Все так же медленно она положила крестик на тряпочку. Сергей бережно завернул и засунул за пазуху. Он допил чай.
– Послушай, Анечка. Питаться живой пищей, когда все вокруг едят нормальную, мертвую – очень тяжело. Очень много соблазнов. Но я уверен, что ты справишься. Тебе отступать некуда. Господь всегда дает крест по силам. А вы, мама, поддержите дочурку. Переходите вместе. Так будет легче.
– Сергей, а можно легенький супчик, хоть иногда?
– Нет, нельзя. Даже немного обычной пищи не даст организму отвыкнуть. Это будет как постоянная пытка. И хочется, и колется. Долго так никто не продержится.
– Ну, хоть пару раз в неделю. Это же супчик, считай одна вода.
– Стоп-стоп. Хозяюшка, вы с кем спорите? Явно не со мной. Я ведь уже все объяснил. Наверное, с собственной совестью. Стоит ли рисковать жизнью дочери ради супчика или нет?
Хозяйка пристыжено замолчала.
Мы попрощались, поблагодарили за угощение. Сергей погладил Аньку по голове, взлохматил ей волосы.
– Да не дуйся ты. Все будет нормально. Если что – я всегда рядом, – сказал он. На ее лицо возвратилась улыбка
– Спасибо вам, дядя Сережа. Слава богу, что вы рядом, – прошептала она, и приложила его ладонь к своему лбу.
Когда мы вышли, я спросил Сергея:
– Серега, объяснишь?
– Что именно?
– Что это? – указал я ему на грудь, где под спецовкой топырился узелок.
– Это крестик, – просто ответил он. Капитан Очевидность, блин.

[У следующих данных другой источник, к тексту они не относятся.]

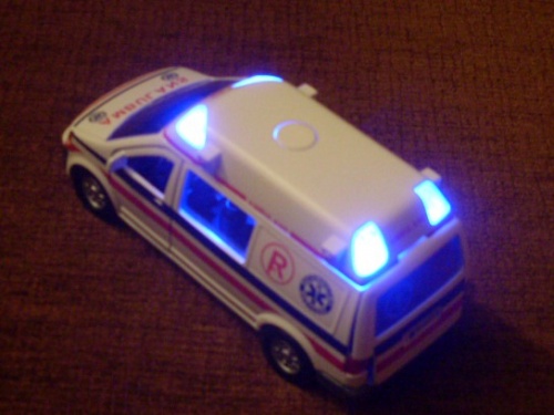 - Po włączeniu wóz policyjny zaczyna wydawać cztery rózne dźwięki charakterystyczne dla karetek pogotowia.

– Я вижу. Это что, какой-то чудодейственный крестик?
– Это артефакт. Крест Иоанна Кормянского, – сказал Сергей. Увидел недоумение у меня на лице, добавил: – Жил такой священник. Очень людей любил. Когда умирал, его душа сильно болела за людей. Так сильно, что от нее оторвался маленький кусочек и поселился в его нагрудном кресте. Крестик стал артефактом, и теперь помогает людям, так же как и Иоанн Кормянский при жизни. Не бойся, дома я все расскажу и объясню. Просто сейчас некогда.
Мы подошли к грузовику, подняли на ноги Гену, и помчались домой. Сергей попросил остановить около гориводского перекрестка. Вышел, и позвал меня с собой.
– Гентос, ну мы на сегодня все. Я думаю, норму выполнили. Сейчас мы с Юпитером кое-что закончим, и домой. Прикрой чуть что, если Гардей хватится.
– Ладно, – махнул рукой Гена, – как знаешь, Шаман. До завтра.
Он захлопнул дверь, и машина помчалась в клубах пыли.
– Нам туда, – зашагал Сергей через дорогу.
– В Пересвятое?
– Оно самое.
– Что там? Больной ребенок?
– Да. Я думаю, ты и так уже все понял там, в Молчанах.
По дороге в деревню я не удержался, спросил:
– Сергей, а нам с тобой не стоит перейти на живую пищу?
– Страдаешь тяжелым недугом? – спросил он в ответ.
– Я? Нет.
– Тогда зачем тебе нести чужой крест? Это очень тяжкое бремя.
Несколько минут мы шли молча. Я переваривал увиденное. Сергей тоже молчит. По лицу невозможно было догадаться, о чем он думает.